Segment Start: Given information

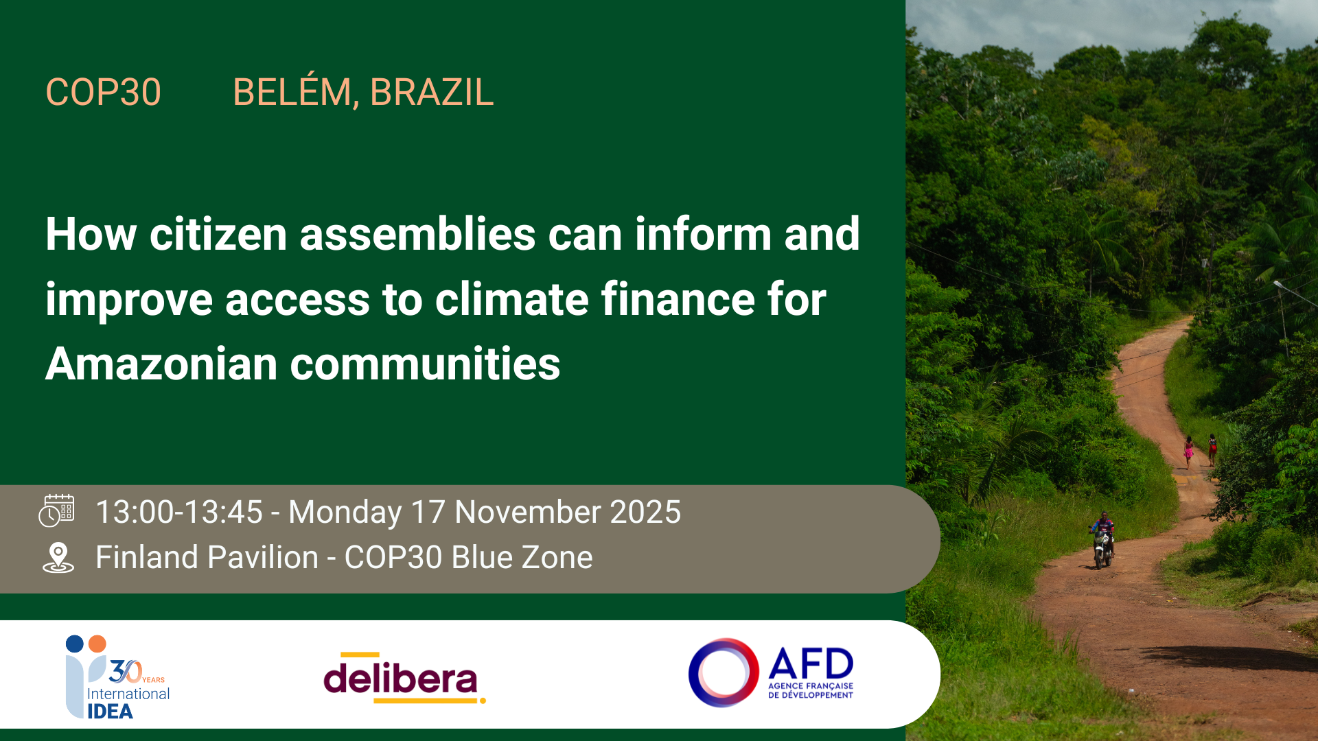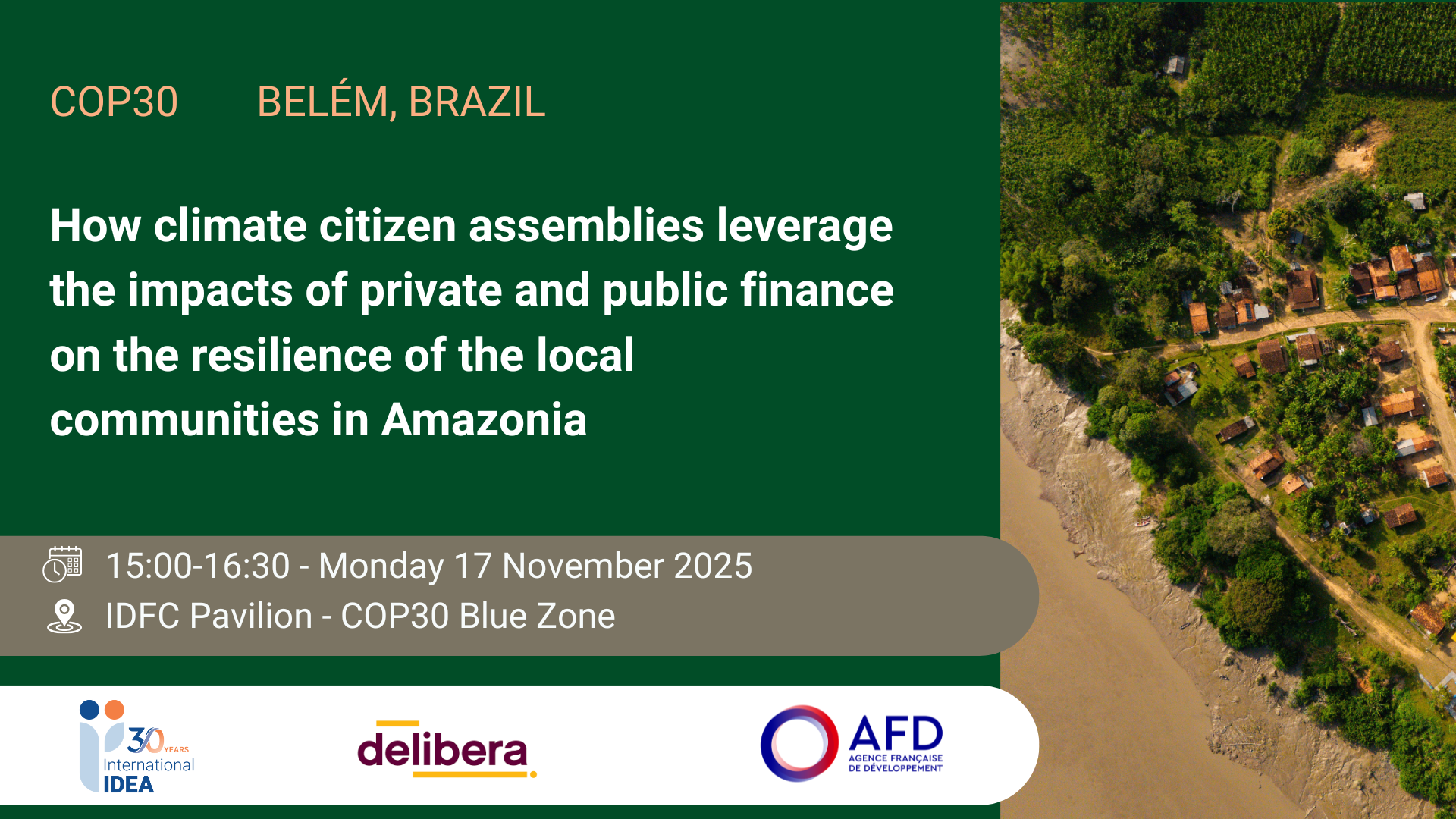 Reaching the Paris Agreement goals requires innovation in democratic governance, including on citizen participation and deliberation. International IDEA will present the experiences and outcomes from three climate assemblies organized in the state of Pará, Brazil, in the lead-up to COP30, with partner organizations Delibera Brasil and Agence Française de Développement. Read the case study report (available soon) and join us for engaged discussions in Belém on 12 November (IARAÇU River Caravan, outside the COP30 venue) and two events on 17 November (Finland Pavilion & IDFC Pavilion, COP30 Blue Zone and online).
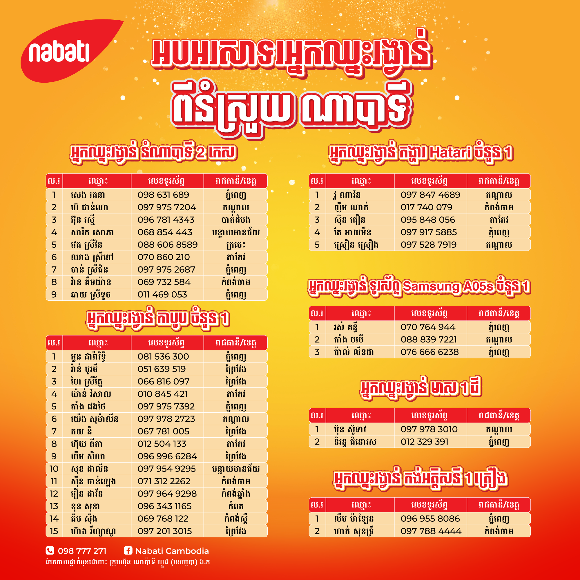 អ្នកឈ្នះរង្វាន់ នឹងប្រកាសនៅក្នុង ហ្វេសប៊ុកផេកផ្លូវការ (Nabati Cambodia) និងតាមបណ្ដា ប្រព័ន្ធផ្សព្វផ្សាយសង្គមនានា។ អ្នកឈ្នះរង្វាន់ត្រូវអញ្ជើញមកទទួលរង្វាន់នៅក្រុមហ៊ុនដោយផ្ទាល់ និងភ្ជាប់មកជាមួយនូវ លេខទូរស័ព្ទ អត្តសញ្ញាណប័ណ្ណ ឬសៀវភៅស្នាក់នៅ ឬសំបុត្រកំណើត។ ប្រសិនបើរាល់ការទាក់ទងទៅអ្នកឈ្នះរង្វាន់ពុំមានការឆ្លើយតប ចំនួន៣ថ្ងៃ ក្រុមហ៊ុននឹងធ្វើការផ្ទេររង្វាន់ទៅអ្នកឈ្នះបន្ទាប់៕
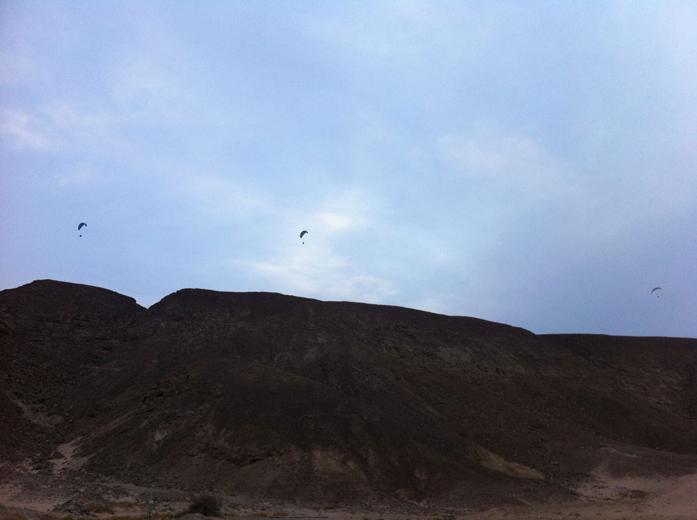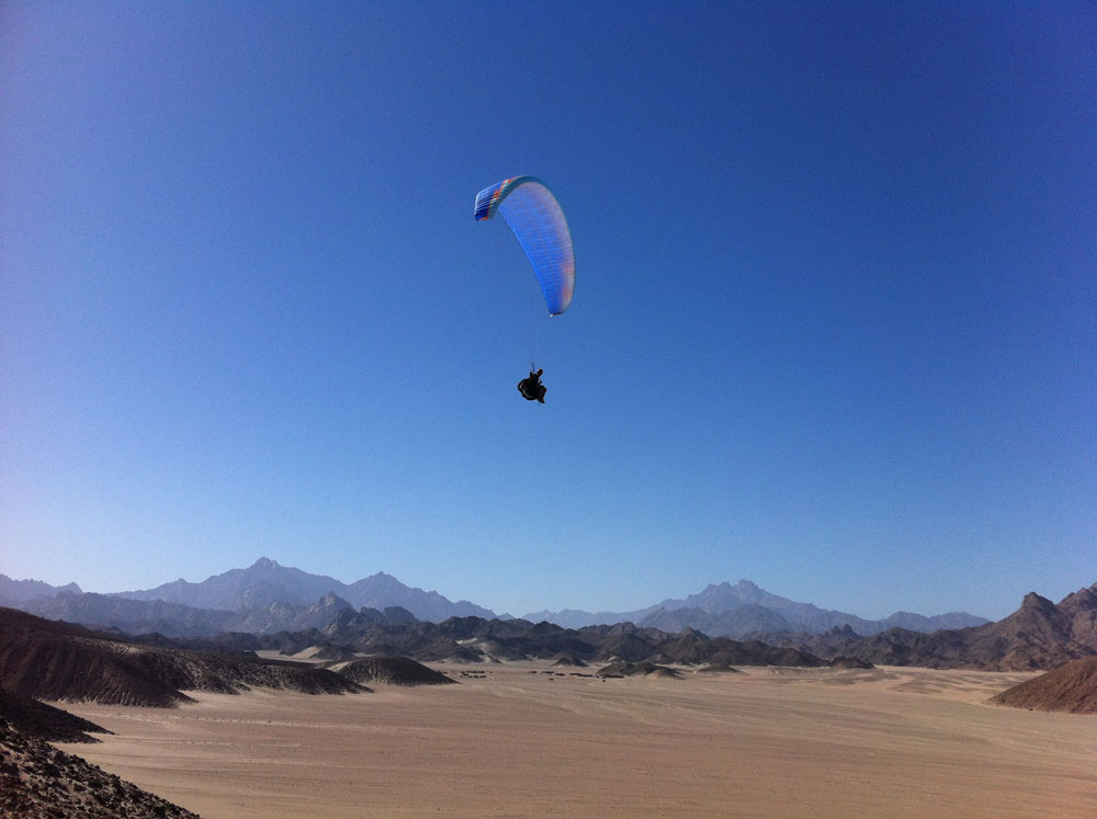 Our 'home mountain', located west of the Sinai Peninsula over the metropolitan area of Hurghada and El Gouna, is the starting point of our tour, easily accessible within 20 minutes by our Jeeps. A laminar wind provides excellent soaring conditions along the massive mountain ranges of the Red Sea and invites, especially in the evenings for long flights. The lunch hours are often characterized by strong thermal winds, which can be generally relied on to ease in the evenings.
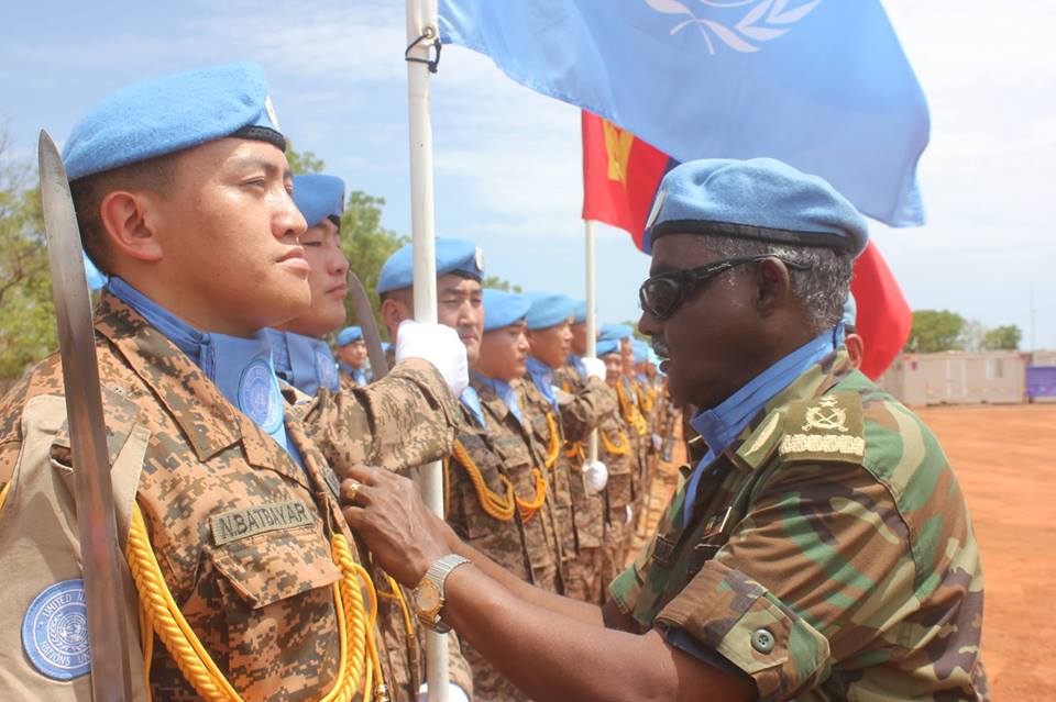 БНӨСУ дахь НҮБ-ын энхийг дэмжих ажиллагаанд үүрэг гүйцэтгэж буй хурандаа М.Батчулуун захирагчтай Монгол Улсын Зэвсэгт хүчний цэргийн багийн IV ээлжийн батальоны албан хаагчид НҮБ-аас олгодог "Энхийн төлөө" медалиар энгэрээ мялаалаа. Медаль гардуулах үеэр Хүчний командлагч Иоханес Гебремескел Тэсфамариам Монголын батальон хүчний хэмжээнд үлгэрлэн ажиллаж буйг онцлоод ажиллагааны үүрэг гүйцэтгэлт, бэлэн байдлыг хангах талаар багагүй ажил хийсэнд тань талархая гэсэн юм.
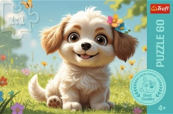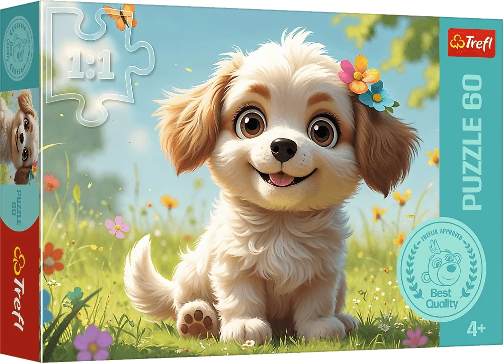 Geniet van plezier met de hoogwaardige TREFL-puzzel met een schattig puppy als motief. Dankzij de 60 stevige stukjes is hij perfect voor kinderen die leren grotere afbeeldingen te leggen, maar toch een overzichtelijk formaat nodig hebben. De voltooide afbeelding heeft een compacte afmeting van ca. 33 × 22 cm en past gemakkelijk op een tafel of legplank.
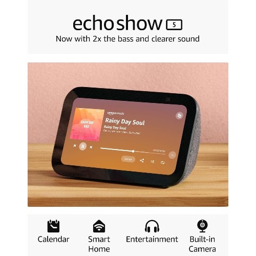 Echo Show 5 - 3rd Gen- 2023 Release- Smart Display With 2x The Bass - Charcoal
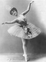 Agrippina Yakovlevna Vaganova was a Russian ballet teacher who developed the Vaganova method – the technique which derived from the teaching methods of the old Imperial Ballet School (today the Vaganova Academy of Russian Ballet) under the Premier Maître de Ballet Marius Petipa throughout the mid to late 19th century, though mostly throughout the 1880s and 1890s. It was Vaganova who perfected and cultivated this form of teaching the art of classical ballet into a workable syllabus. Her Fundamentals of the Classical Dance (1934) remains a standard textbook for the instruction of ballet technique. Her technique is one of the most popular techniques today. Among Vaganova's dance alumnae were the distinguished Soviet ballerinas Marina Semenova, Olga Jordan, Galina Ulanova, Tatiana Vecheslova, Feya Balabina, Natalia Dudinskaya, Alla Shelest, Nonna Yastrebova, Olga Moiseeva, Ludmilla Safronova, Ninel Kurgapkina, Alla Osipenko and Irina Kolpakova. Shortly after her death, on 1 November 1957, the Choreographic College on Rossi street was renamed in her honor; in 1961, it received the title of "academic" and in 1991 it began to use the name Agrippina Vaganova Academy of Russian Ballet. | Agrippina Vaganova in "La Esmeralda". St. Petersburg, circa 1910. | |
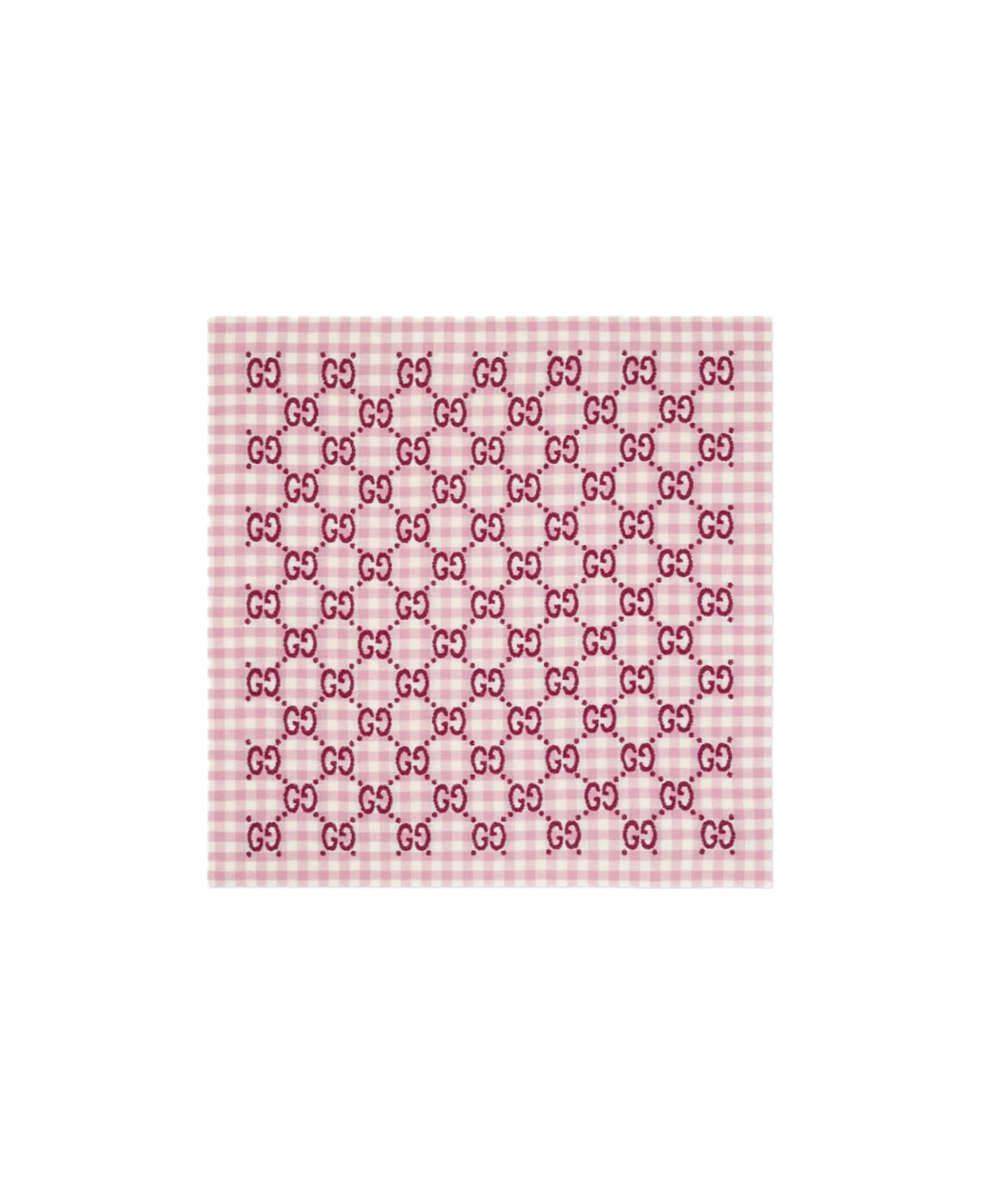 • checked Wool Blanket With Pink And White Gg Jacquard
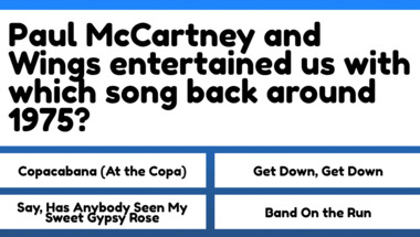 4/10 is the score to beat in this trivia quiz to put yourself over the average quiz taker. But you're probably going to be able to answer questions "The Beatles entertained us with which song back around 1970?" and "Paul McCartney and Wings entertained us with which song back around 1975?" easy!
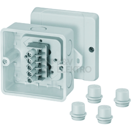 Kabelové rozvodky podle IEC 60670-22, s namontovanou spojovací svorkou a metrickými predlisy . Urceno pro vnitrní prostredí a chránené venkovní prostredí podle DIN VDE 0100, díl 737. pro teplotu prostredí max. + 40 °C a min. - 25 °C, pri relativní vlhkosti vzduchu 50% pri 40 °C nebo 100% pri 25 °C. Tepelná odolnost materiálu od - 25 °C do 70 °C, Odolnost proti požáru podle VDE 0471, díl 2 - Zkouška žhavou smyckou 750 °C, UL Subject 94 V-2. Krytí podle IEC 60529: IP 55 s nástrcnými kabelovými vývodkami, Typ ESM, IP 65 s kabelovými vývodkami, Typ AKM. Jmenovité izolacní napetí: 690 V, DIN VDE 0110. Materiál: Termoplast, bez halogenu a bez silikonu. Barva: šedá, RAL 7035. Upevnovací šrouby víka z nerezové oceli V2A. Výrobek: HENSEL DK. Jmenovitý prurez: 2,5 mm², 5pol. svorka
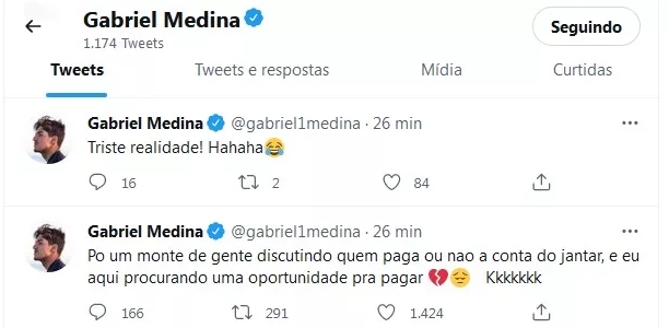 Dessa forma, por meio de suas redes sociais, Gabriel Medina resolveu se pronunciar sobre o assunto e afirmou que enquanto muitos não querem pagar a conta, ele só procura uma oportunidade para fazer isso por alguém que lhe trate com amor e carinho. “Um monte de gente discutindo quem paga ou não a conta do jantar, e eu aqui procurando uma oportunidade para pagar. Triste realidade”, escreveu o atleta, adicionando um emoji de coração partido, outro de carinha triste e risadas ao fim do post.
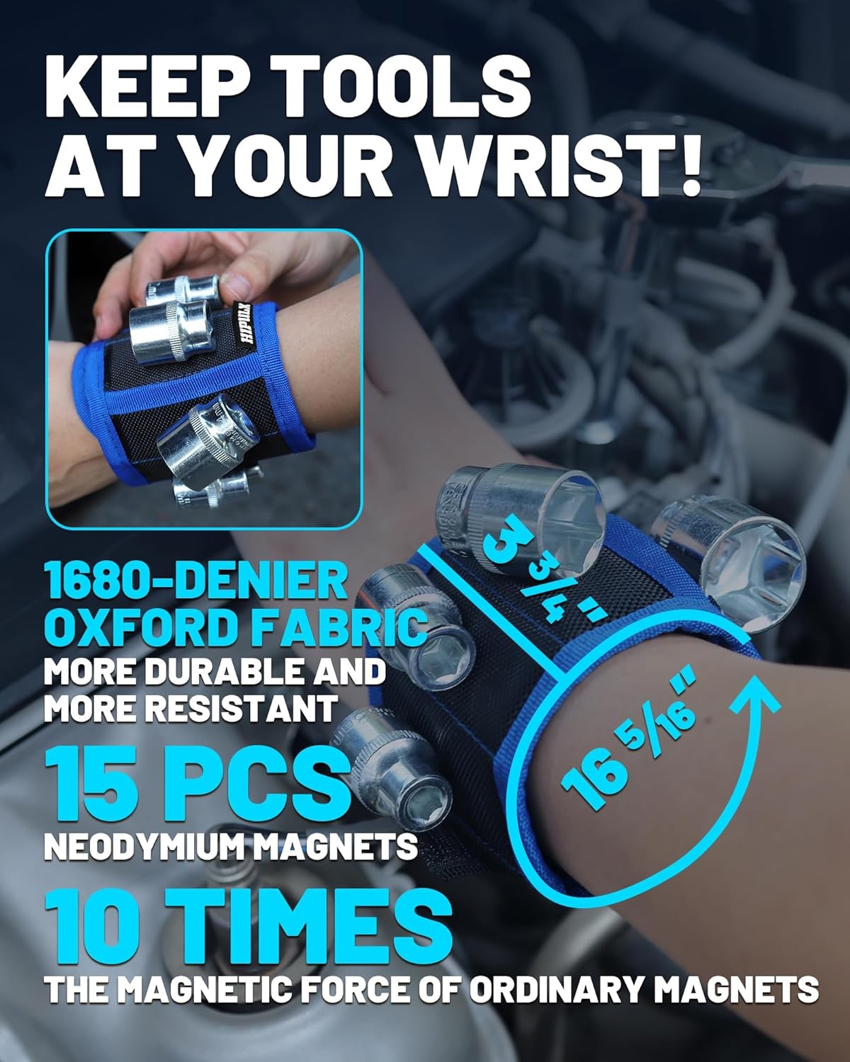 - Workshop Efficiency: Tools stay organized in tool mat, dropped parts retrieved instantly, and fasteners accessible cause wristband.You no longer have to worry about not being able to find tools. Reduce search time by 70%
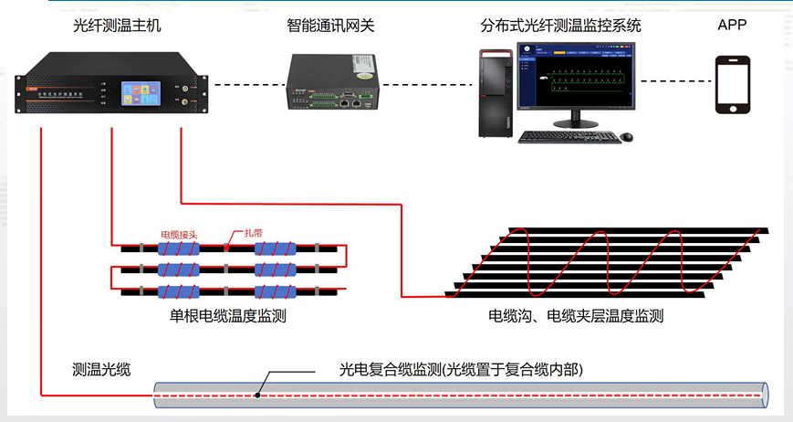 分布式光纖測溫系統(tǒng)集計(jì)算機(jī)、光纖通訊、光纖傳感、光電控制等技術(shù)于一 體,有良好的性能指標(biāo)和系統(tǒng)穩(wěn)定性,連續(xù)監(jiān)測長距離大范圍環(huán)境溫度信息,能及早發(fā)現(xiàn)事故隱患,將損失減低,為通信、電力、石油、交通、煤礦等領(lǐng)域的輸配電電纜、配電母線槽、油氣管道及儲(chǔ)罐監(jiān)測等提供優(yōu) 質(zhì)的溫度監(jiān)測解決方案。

Segment End: Given information

From the listing above, please give again the lines that begin with the line holding "White Gg Jacquard" and go on through the line holding "4/10 is the", exactly, both ends included, minus any picture.

 • checked Wool Blanket With Pink And White Gg Jacquard
 4/10 is the score to beat in this trivia quiz to put yourself over the average quiz taker. But you're probably going to be able to answer questions "The Beatles entertained us with which song back around 1970?" and "Paul McCartney and Wings entertained us with which song back around 1975?" easy!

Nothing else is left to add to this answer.